Question

Find the amount of heat energy needed to convert 400 grams of ice at -38°C ... q will be the total heat required to turn ice at -38 C into steam at 160 C.

Answer 1

To convert 400 grams of ice at -38°C to steam at 160°C, the total heat required, q, is 1,284,480 J.

Step-by-step explanation:

To find the amount of heat energy needed to convert 400 grams of ice at -38°C to steam at 160°C, we need to consider the different phases and the changes in temperature involved.

1. First, we need to heat the ice from -38°C to its melting point, which is 0°C. The heat required for this is given by the formula Q₁ = m × C × ΔT, where m is the mass of the ice (in grams), C is the specific heat capacity of ice, and ΔT is the change in temperature. In this case, m = 400 g, C = 2.06 J/g°C, and ΔT = 0°C - (-38°C) = 38°C. Using the formula, we find Q₁ = 31,040 J.
2. Next, we need to melt the ice at 0°C. The heat required for this is given by the equation Q₂ = m × L_f, where L_f is the heat of fusion of ice. The heat of fusion of ice is 334 J/g. So, Q₂ = 400 g × 334 J/g = 133,600 J.
3. After the ice has melted, we need to heat the water from 0°C to 100°C. The heat required for this is given by the formula Q₃ = m × C × ΔT, where m is the mass of the water (in grams), C is the specific heat capacity of water, and ΔT is the change in temperature. In this case, m = 400 g, C = 4.184 J/g°C, and ΔT = 100°C - 0°C = 100°C. Using the formula, we find Q₃ = 167,360 J.
4. Next, we need to evaporate the water at 100°C. The heat required for this is given by the equation Q₄ = m × L_v, where L_v is the heat of vaporization of water. The heat of vaporization of water is 2260 J/g. So, Q₄ = 400 g × 2260 J/g = 904,000 J.
5. Finally, we need to heat the steam from 100°C to 160°C. The heat required for this is given by the formula Q₅ = m × C × ΔT, where m is the mass of the steam (in grams), C is the specific heat capacity of steam, and ΔT is the change in temperature. In this case, m = 400 g, C = 2.03 J/g°C, and ΔT = 160°C - 100°C = 60°C. Using the formula, we find Q₅ = 48,480 J.

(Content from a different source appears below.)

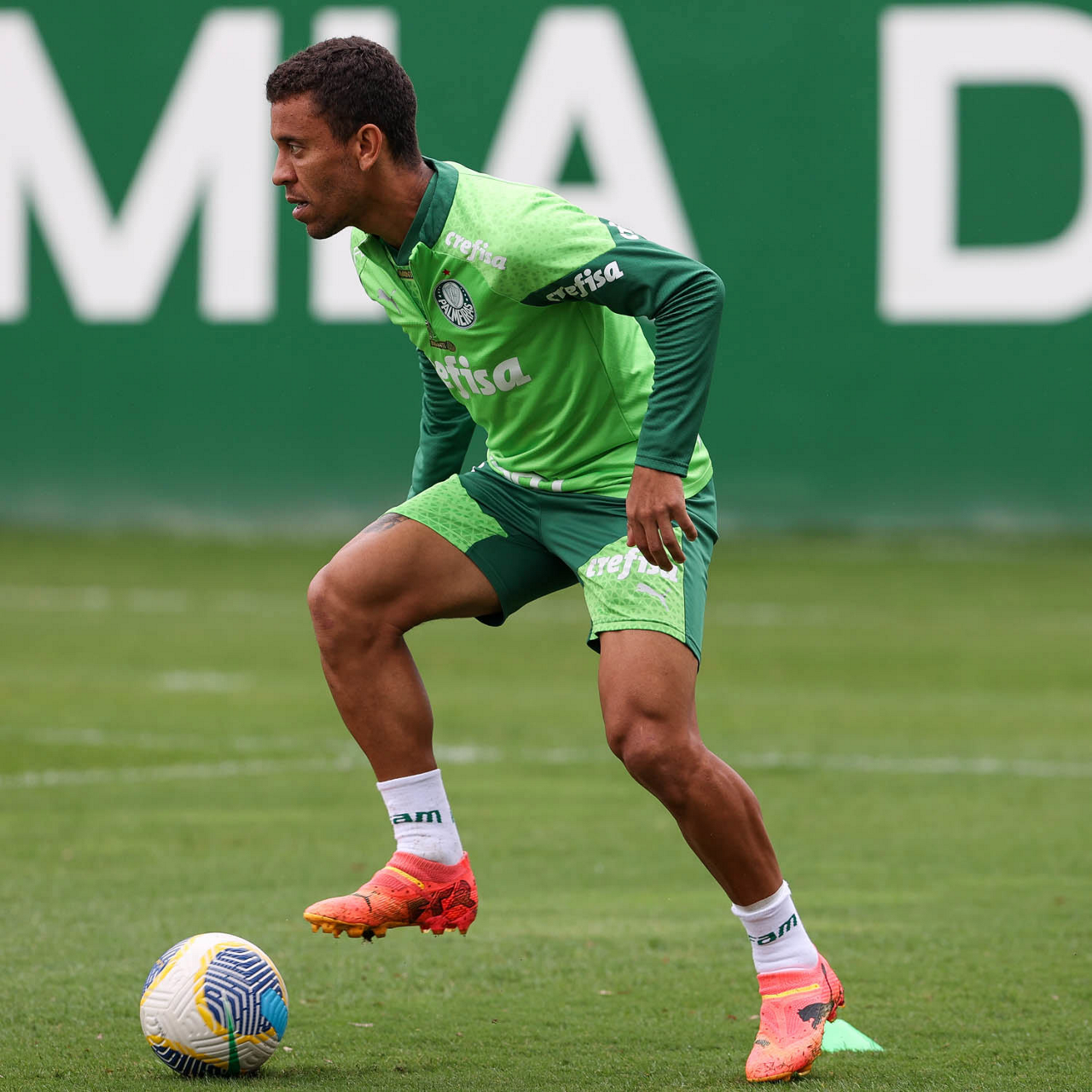 O jogador Figueiredo, da SE Palmeiras, durante treinamento, na Academia de Futebol. (Foto: Cesar Greco/Palmeiras/by Canon)

To find the total heat required to convert the ice at -38°C to steam at 160°C, we add up the amounts of heat required for each step: Q = Q₁ + Q₂ + Q₃ + Q₄ + Q₅ = 31,040 J + 133,600 J + 167,360 J + 904,000 J + 48,480 J = 1,284,480 J.

Answer 2

To convert ice at -38°C to steam at 160°C, we need to consider the different stages of the phase transition and calculate the heat required for each stage.

Step-by-step explanation:

To determine the amount of heat energy needed to convert 400 grams of ice at -38°C to steam at 160°C, we need to consider the different stages of the phase transition. First, we need to heat the ice from -38°C to 0°C. The heat required to raise the temperature of the ice can be calculated using the formula: Q = m * C * ΔT, where Q is the heat energy, m is the mass, C is the specific heat capacity, and ΔT is the change in temperature.

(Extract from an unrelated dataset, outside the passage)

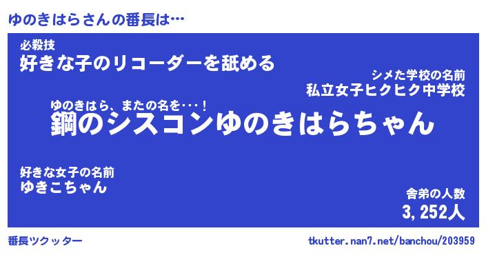 | ヘコむあだ名 | 『ゆのにゅー』『なまこ酢』 |

Next, we need to calculate the heat energy required to melt the ice at 0°C using the formula: Q = m * L, where L is the heat of fusion for water.

Finally, we need to calculate the heat energy required to raise the temperature of the water from 0°C to 160°C using the formula: Q = m * C * ΔT. By adding up these three stages, we can find the total amount of heat energy required.